Эпиальт не стал вилять, выпрашивая наперед награду. Он видел, что имеет дело с умным и щедрым человеком, который ко всему прочему нуждается в его помощи. О том, что варвары попали в пренеприятное положение Эпиальт понял, увидев усталых, израненных воинов, с понурым видом возвращающихся в лагерь. Поэтому он сразу раскрыл все свои карты.
- Я могу вывести мидийское войско в спину эллинам.
Артабан оживился.
- Ты знаешь еще один путь через горы?
- Мне известна тропа, выходящая прямо ко вторым воротам ущелья.
- Кто еще знает о ней?
- Очень немногие.
- Сколько воинов смогут разом пройти по тропе?
Эпиальт задумался. Наскоро прикинув в уме, он сказал:
- Три человека. И пусть господин не опасается, что эллины могут преградить и тот путь. Склоны вокруг тропы достаточно пологи и воины в случае необходимости смогут идти и по ним.
Артабан швырнул измятый и влажный рушник себе под ноги. Голос вельможи был резок.
- Ты отправишься в путь сейчас же. С тобой пойдут пять тысяч лучших воинов. И вы должны идти быстро, чтобы не дать эллинам ускользнуть. От этого напрямую зависит награда, которую ты получишь. За каждого убитого или плененного эллина я заплачу тебе десять сиклей или по вашему десять драхм. Если они успеют уйти, ты не получишь ни обола.
- Как будет угодно господину, - промямлил Эпиальт, несколько смущенный подобным поворотом. - Тогда воинам придется поторопиться.
Артабан кивнул.
- Я сейчас же прикажу собираться им в путь.
Едва зашло солнце, как пять тысяч бессмертных во главе с Гидарном оставили лагерь и двинулись к устью Асопа. Малиец шагал столь резко, что приглядывавшим за ним воинам приходилось то и дело одергивать ретивого проводника.
Эпиальт не испытывал ни малейшей ненависти к эллинам, которые утром должны были пасть в ущелье из-за его предательства. Он просто хотел разбогатеть. И он получит свои серебряники. Позднее, опасаясь мести лакедемонян, он бежит из родных мест, будет долго скитаться, не находя пристанища, и найдет смерть в пьяной ссоре. Так завершится фарс жизни человека, попытавшегося разбогатеть на крови тысяч собратьев. Его могилу даже не отметят камнем.

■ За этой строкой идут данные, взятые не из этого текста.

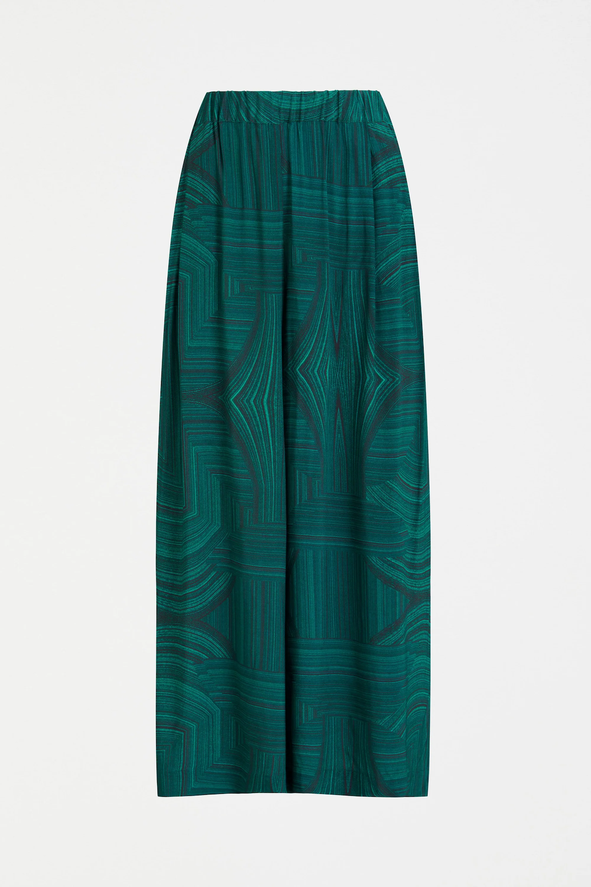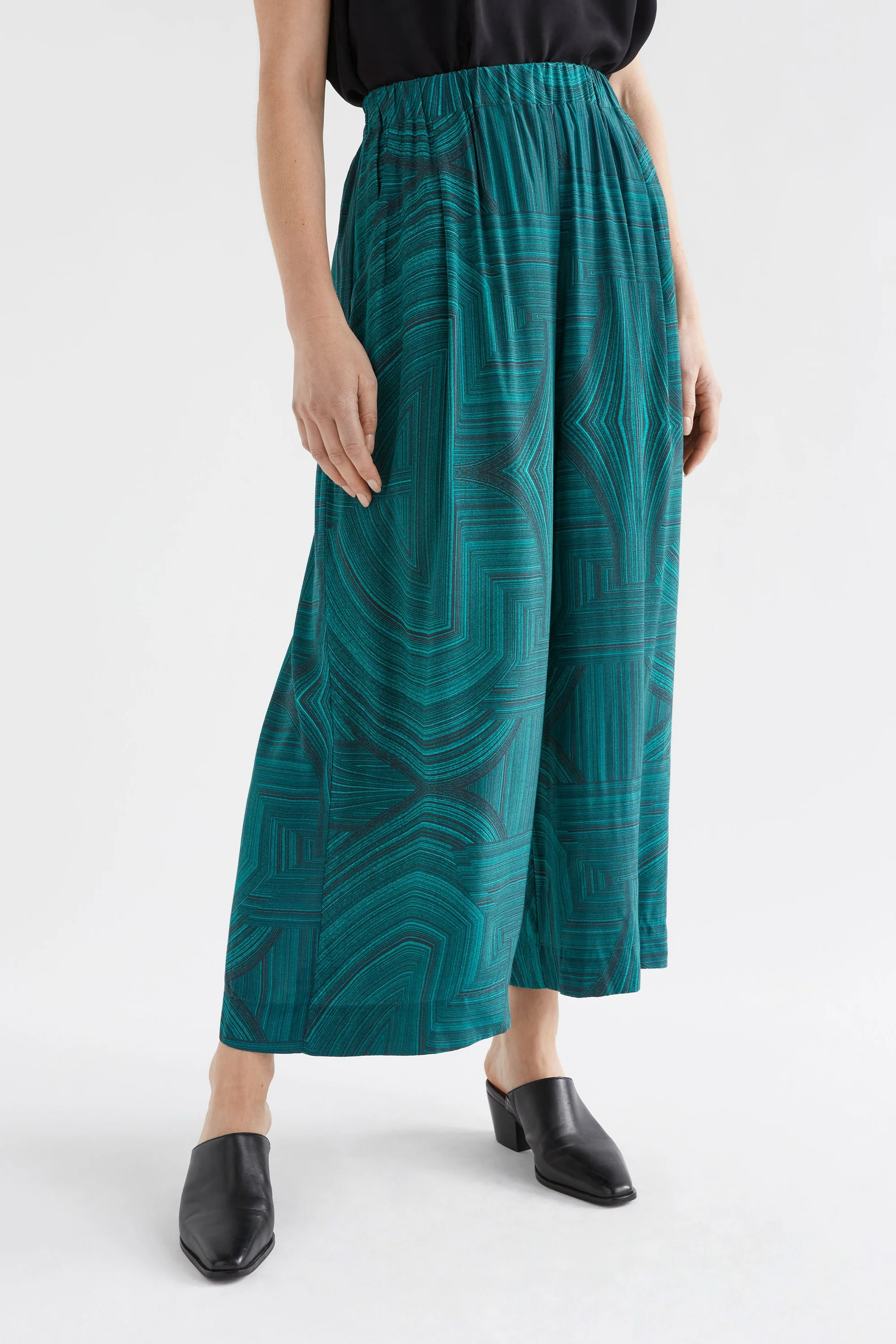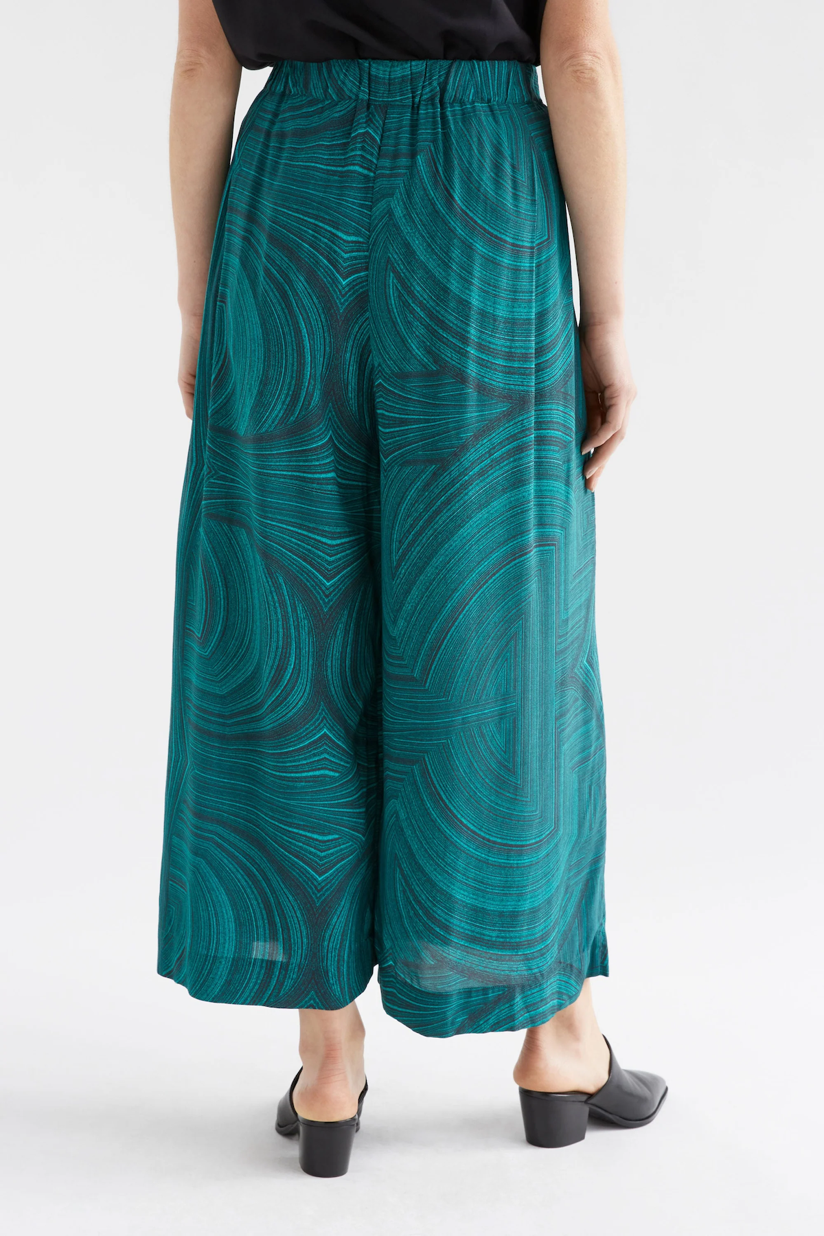 The Krava Pant is a pull-on pant printed in our limited seasonal Malachite Print - depicting the many green hues of the malachite stone. Featuring an easy-wearing elasticated waistband, the Krava Pant unites the formal flow of silky viscose, with the all-day ease of a stretch waist. Create a coordinated look by pairing with the Krava Sheer Top, or pair casually with the relaxed Eta Top. The Malachite Print is a yardage print. The placement of the print is unique to each garment.

Леонтиад отдавал себе отчет, что по воле рока оказался фактически заложником в руках спартиатов и их союзников. Нет, пожалуй, больше, чем заложником-пособником, пусть невольным, но пособником, чьи руки были щедро обагрены парсийской кровью. Именно на этом строил свой расчет спартанский царь, желая накрепко привязать Беотию к антимидийскому союзу. Повязать всех алой влагой. Чтоб невозможно было оправдаться. Обагрить мидийской кровью мечи фиванцев, жаждущих мира с мидянами. И не просто фиванцев, а фиванцев знатных, честь и гордость Кадмова города - спартов, аристократов, первейших купцов. Беотарх невольно вспомнил, как Леонид с хитрой усмешкой вручил ему заранее подготовленный список с именами тех, кто должны отправиться в поход. И первым стояло имя Леонтиада. Повязать все кровью! Что ж, спартиатам это вполне удалось. Вынужденные драться, фиванцы делали это не хуже других. Их клинки познали крови киссиев и мидийцев, парсов и бессмертных. Пятая часть фиванской дружины сложила головы, многие были ранены. Кровь...
Кровь, кровь и еще раз кровь! И никак не выбраться из этого моря крови.

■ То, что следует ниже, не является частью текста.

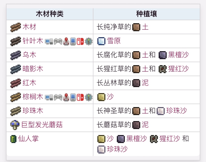 宝石树(种植壤为石头 。特别的,宝石树应用相对应的宝石果种植)和 竹子(种植壤为被水淹没的长有丛林草的泥,水至少两格浅最多五格深)不在上面表格中。因为宝石树的木材种类是石头(在砍伐时,类似于普通树木掉落种子,宝石树会掉落 0-24 个相应类型的宝石、0-11 颗相应类型的宝石果、和 7-48 个石块。 ),竹子需要用稿获取。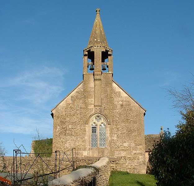 A chapel here may have been served from Malmesbury in the 12th century and a plan made before the church was rebuilt in the 19th century suggests a 12th century origin for the structure. It was a long, narrow building of which the earliest surviving record dates from 1341. All that now remains of the earlier church is a 15th century south doorway, an octagonal west bellcot, and a screen that divided the chancel from the nave, and a 17th century pulpit. The church was dedicated to All Saints by 1763. This will always have been a small church with a fairly small congregation, although the attendance of 38 on Census Sunday in 1851 was said to be smaller than usual.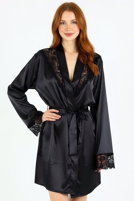 Experience the ultimate in luxury with the Ivory Lace Seduction Robe. This stunning piece features intricate lace detailing and a luxurious satin finish. The tie waist adds a touch of elegance, making it perfect for any romantic evening.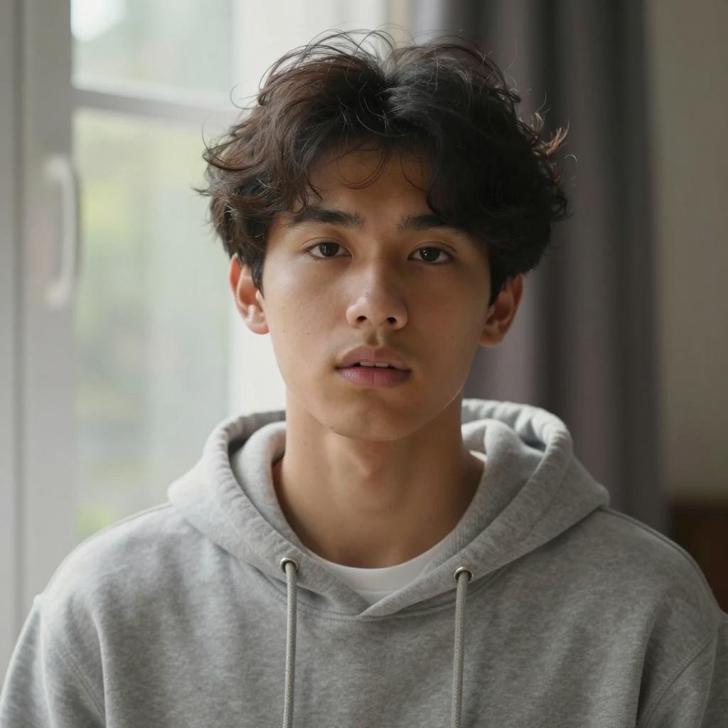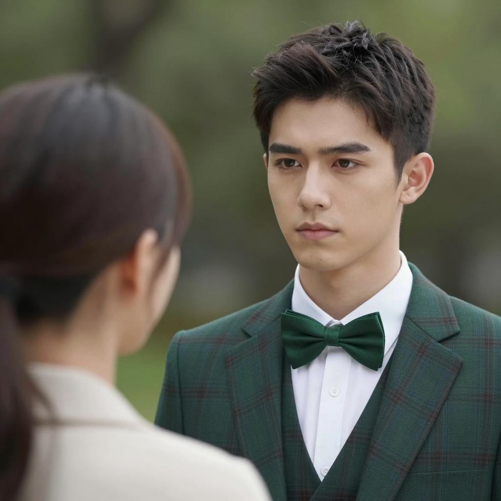 A young man with dark hair, intense expression, and slightly open mouth. He has a small scratch on his right cheek and wears a dark high-collar jacket. Background is blurred and dark green.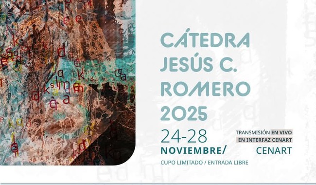 El Instituto Nacional de Bellas Artes y Literatura (INBAL), a través del Centro Nacional de Investigación, Documentación e Información Musical “Carlos Chávez” (CENIDIM), de la Subdirección General de Educación e Investigación Artísticas (SGEIA), anuncia la vigesimonovena edición de la Cátedra Jesús C. Romero 2025: Reciclar, Crear, Mover y Narrar: Investigación Crítica de la Música, que se llevará a cabo del 24 al 28 de noviembre, con acceso gratuito y transmisión en vivo por el canal de YouTube del Centro y por Interfaz CENART.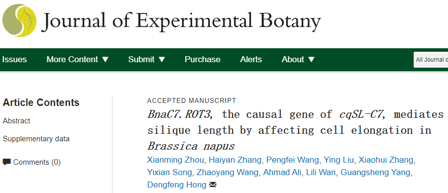 2021年9月6日,Journal of Experimental Botany在线发表了油菜团队题为“BnaC7.ROT3, the causal gene of cqSL-C7, mediates silique length by affecting cell elongation in Brassica napus”的研究论文。该研究发现油菜BnaC7.ROT3通过促进角果皮细胞伸长来调控角果长度,其第五个外显子中的单核苷酸缺失是亲本之间发生表型变异的原因。

Леонтиад поправил багряный плащ и задумчиво провел рукой по всклокоченной бороде. Подошел воин, протянувший бестарху краюху хлеба с положенным на нее куском жареного мяса, а также наполненную до краев чашу. Леонтиад рассеянно принял предложенные пищу и вино. Затем столь же рассеянно принялся жевать. За два дня эллины уничтожили никак не менее пятидесяти сотен варваров. Царь Ксеркс ни за что не простит подобного деяния. Или, быть может, все-таки простит?

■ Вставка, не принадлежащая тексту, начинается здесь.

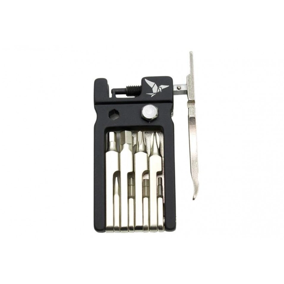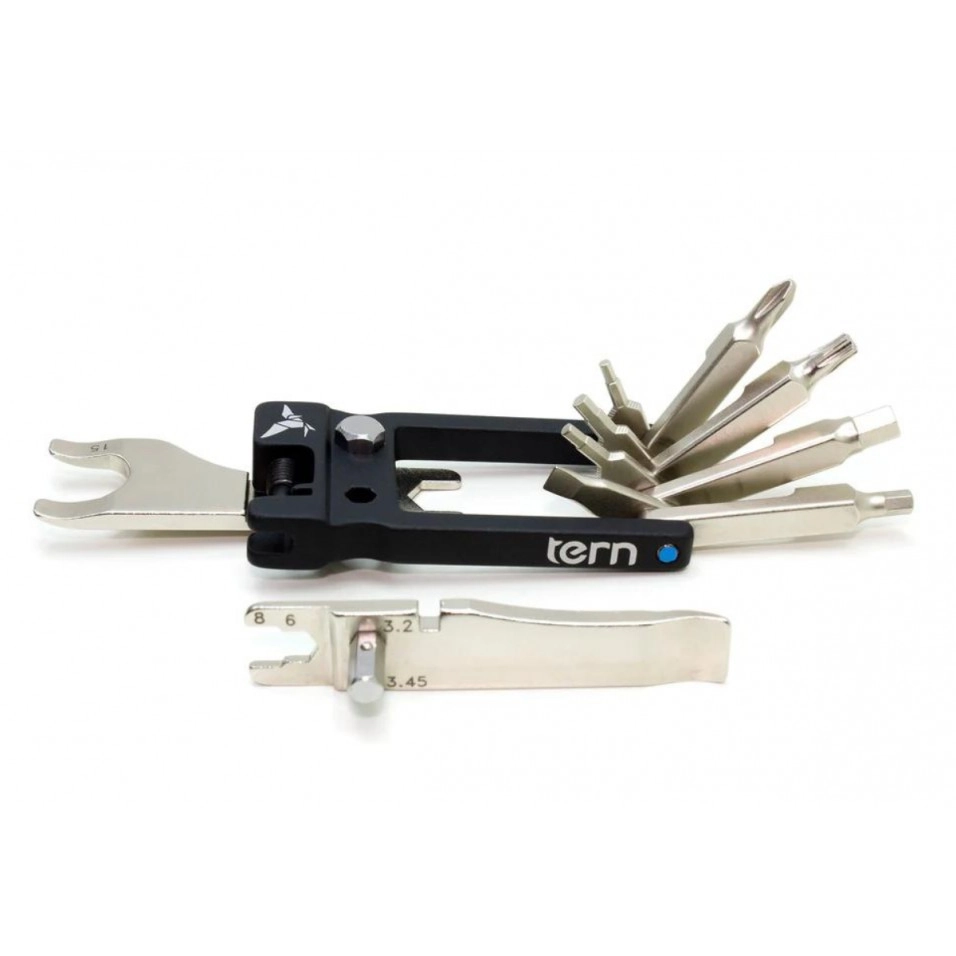 Das zusammenklappbare Multitool Tern mit 15-mm-Schraubenschlüssel. Es ist Ihr Verbündeter, wenn es darum geht, sicherzustellen, dass Ihre Radtour angemessen ist und Sie nicht mit Problemen am Straßenrand „stranden“. Das Tern Werkzeug wurde in erster Linie für die Verwendung an Ihrem Tern Fahrrad entwickelt und zeichnet sich durch seine 20 integrierten Werkzeuge aus, darunter ein 15-mm-Maulschlüssel zum Festziehen von Rad- und Pedalschrauben und ein 6-mm-Schlüssel zum Einstellen der Klapphebel.

Мертвецы лежали плотной, почти спекшейся массой. От нее здорово воняло кровью и тлением. Кровь. Снова кровь.
Леонтиад машинально взглянул на лежащий рядом с ним на земле меч. Он был сплошь покрыт буро-черной липкой коркой. Темные наплывы с вкрапленными в них сухими травинками, комочками земли и мелкими камушками. Кое-где корка отвалилась и в этих местах тускло блестел металл. Металл, пораженный коррозией крови. Снова кровь.
Он знал, чем все это закончится еще тогда, когда оставлял фивы. Знали об этом и прочие. Те, кто шли с ним, и те, кто провожали идущих на смерть воплями и плачем. Он знал, что их ожидает смерть. Пока она еще не пришла, точнее пришла к другим, тлетворным ковром покрывающим ущелье. Но она придет и к нему, Леонтиаду. Взгляд беотарха привлекла огромная мрачная фигура прорицателя-акарнанца Мегистия. Леонтиад вдруг подумал, что смерть, должно быть, будет похожа на облаченного в черный плащ прорицателя. Уж не сам ли Танат пришел по его душу?
Фиванцам не доверяли с самого начала. И поделом, честно признаться, не доверяли. Биться с мидянами не желал никто. Мидяне были выгодны Фивам. Они гарантировали мир и спокойствие, а значит и процветание. Мидяне гарантировали сохранность имущества и приумножение его. Владыка варваров почитал аристократию, и не только арийскую. При мидянах можно было не опасаться черни, что жаждет крови достойных. Кровь... Фиванцы пролили ее слишком много.
Как трудно было сделать первый удар. Словно опускаешь меч на собственную шею. Но сзади стояла шеренга спартиатов, готовых при малейшем проявлении нерешимости изрубить изменников. И фиванцы начали опускать мечи на головы мидян и колоть их копьями в щиты, с треском разлетавшиеся от соприкосновения с калеными наконечниками. Они проложили кровавую просеку. Затем сделали это еще раз и еще. Они защищали стену, истребляя бессмертных. Царь Ксеркс, следивший за этим боем, наверняка запомнил глухие беотийские шлемы с узкими прорезями для глаз и прочными гладкими нащечниками. Там, где прошли воины в этих шлемах, также остались лежать груды мертвецов.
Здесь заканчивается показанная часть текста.